No need to import American enterprise breach costs or the long-debunked line that most small firms fold within six months.
The five controls that would have broken the chain
No single control beats this, and anyone selling you one is overselling. What works is layers, each aimed at a step in the chain.
Here’s the honest mapping, including where each layer stops.
Application control, through Windows Defender Application Control or AppLocker, stops csc.exe compiling and running unsigned code in the first place.
That breaks the chain at the compile step, before there’s a loader at all. The NCSC, like Microsoft, recommends running AppLocker and WDAC together.
The cost is configuration effort, not a licence.
Constrained Language Mode engages automatically once you enforce application control, and it blocks the API calls in-memory loaders depend on.
It would have starved this loader of the functions it needed. Script block logging would have shown you what PowerShell actually ran.
AMSI goes further, it lets your antivirus inspect script content as it runs and can block it, though a capable loader can try to bypass it.
Either way, you’d have seen the activity instead of finding it weeks later.
Least privilege, and dropping the habit of running endpoints as SYSTEM by default, wouldn’t have stopped the foothold. It would have shrunk it.
No SYSTEM, no clear path to taking over the whole machine.
DNS filtering is the backstop. When prevention misses, it catches the beacon.
Not a hypothetical here. It’s what contained this incident.
What to check on your estate this week
This isn’t a summary. It’s a short list you can run on Monday.
- Check whether PowerShell’s execution policy is the only thing between your machines and arbitrary scripts, because if it is, nothing is.
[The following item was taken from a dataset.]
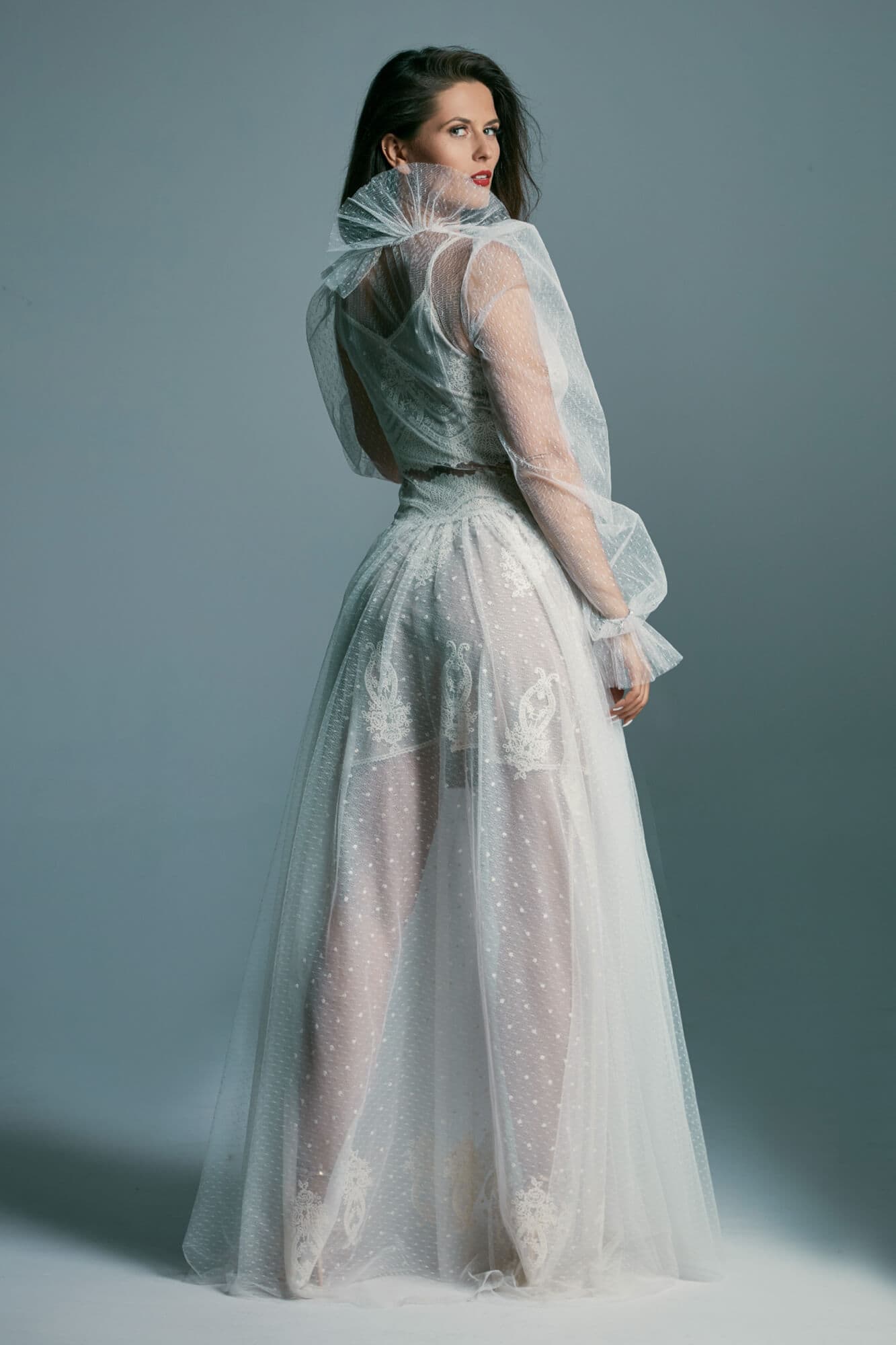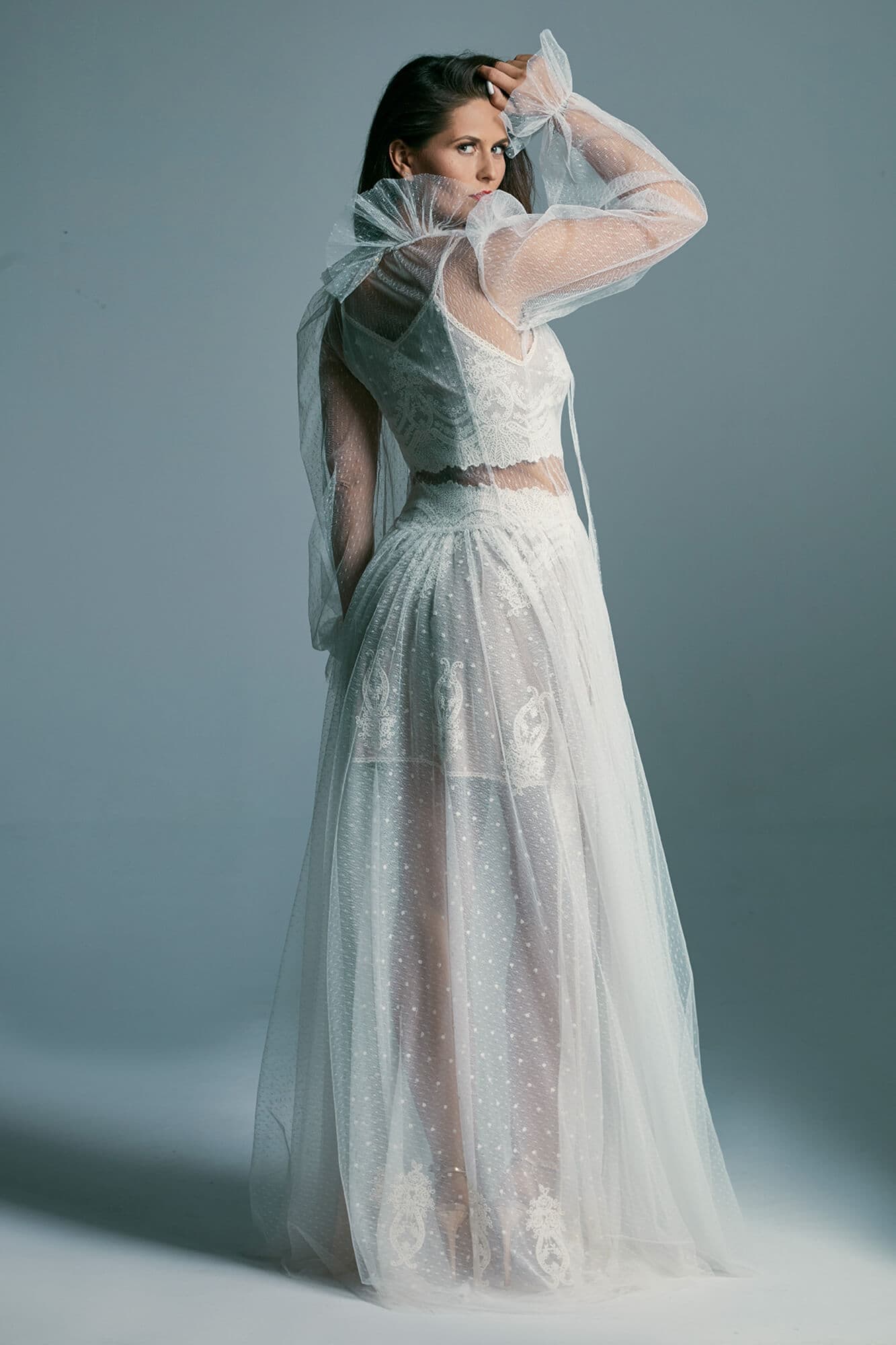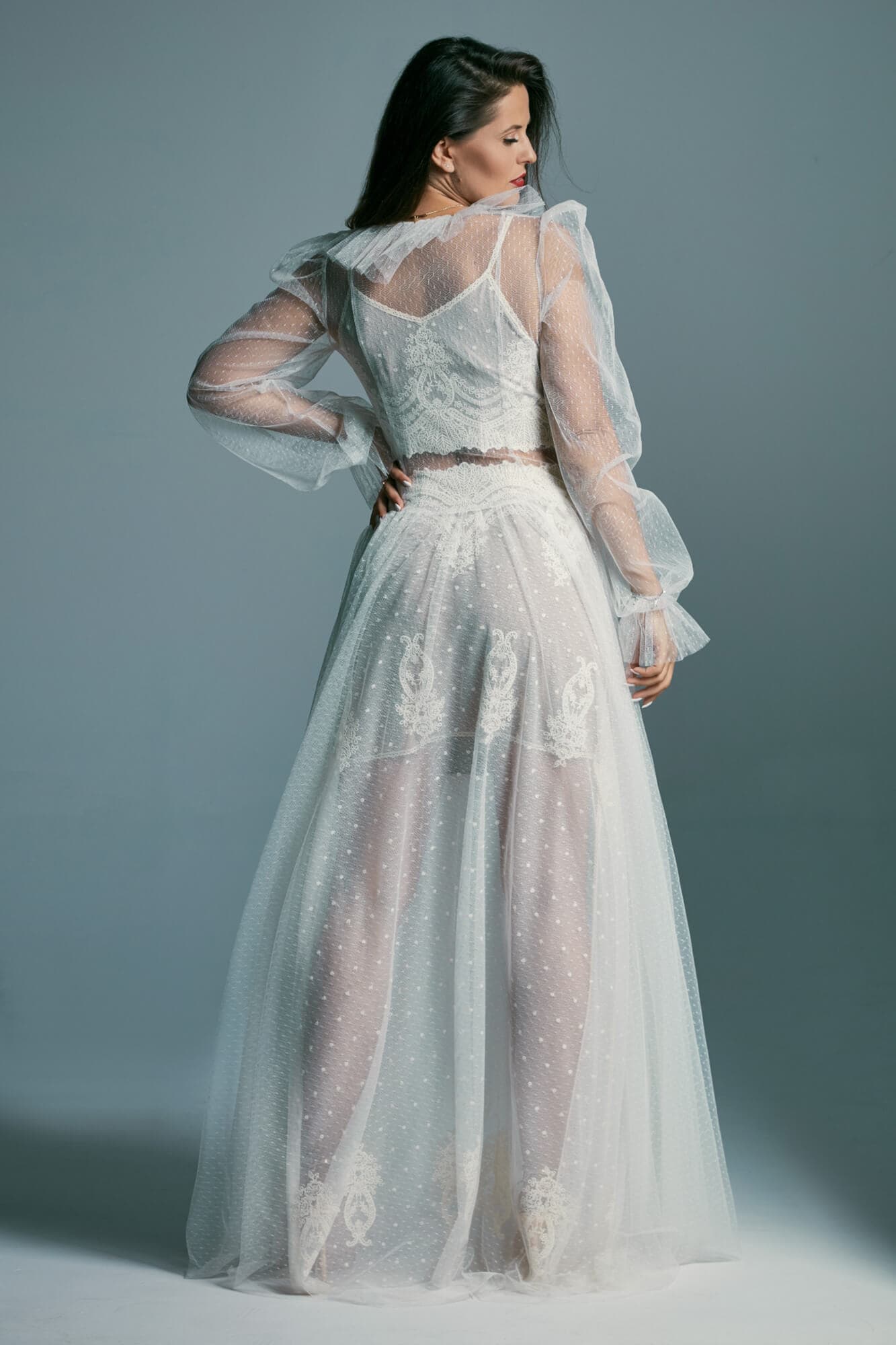 Jeśli cenisz sobie oryginalny styl i szukasz kreacji, którą będziesz mogła założyć nie tylko w dniu ślubu – to ten projekt jest właśnie dla Ciebie! Suknia ślubna retro to dwuczęściowy komplet w postaci topu i spódnicy w ciepłym beżowym odcieniu przykryty delikatną warstwą tiulu w kropeczki. Top na cieniutkich ramiączkach pięknie podkreśla linię biustu i eksponuje talię. Komplet w połączeniu ze spódnicą, która posiada krótką podszewkę w kolorze ciepłego beżu, zjawiskowo akcentuje i wydłuża całą sylwetkę. Dodatkowym i niesamowicie oryginalnym elementem całej stylizacji jest tiul posiadający bufiaste rękawy nawiązujące do minionych epok, który delikatnie przysłania dwuczęściową suknię nadając jej lekkości i subtelnej finezji w niebanalnym guście. Gęsto umarszczony kołnierz z możliwością zawiązania nadaje sukni ślubnej retro nieco teatralnego i wytwornego charakteru. To nieszablonowe połączenie warstw, oprócz zachwycającego wizerunku, zapewnia pełen komfort i wygodę. Nietuzinkowa kreacja podkreśli wyjątkowy i odważny styl każdej Panny Młodej i świetnie sprawdzi się nie tylko podczas uroczystości ślubnych, ale i podczas wielu innych okazji. Ten wyjątkowy zestaw można wykorzystać na różne sposoby: zarówno jako całość przy eleganckich, wystawnych, wieczorowych imprezach lub pojedynczo w codziennych stylizacjach.

- Check whether you enforce application control anywhere in your estate, or nowhere.
- Count how many endpoints run as SYSTEM by default.
- Confirm DNS filtering is switched on, and that someone actually reads what it blocks.
- Check whether the thing you call antivirus is real endpoint detection and response, or still just a library of mugshots.
The deeper shift is one of attention.
Most endpoint defence still watches the front door for files arriving. This attack never delivered one.
The attacker assembled the capability from tools already present. The only thing that crossed the wire was a quiet call home – once a minute – to a server that should never have been getting calls at all.
Stop watching only the front door.
Start watching what’s already inside, and what’s trying to get out.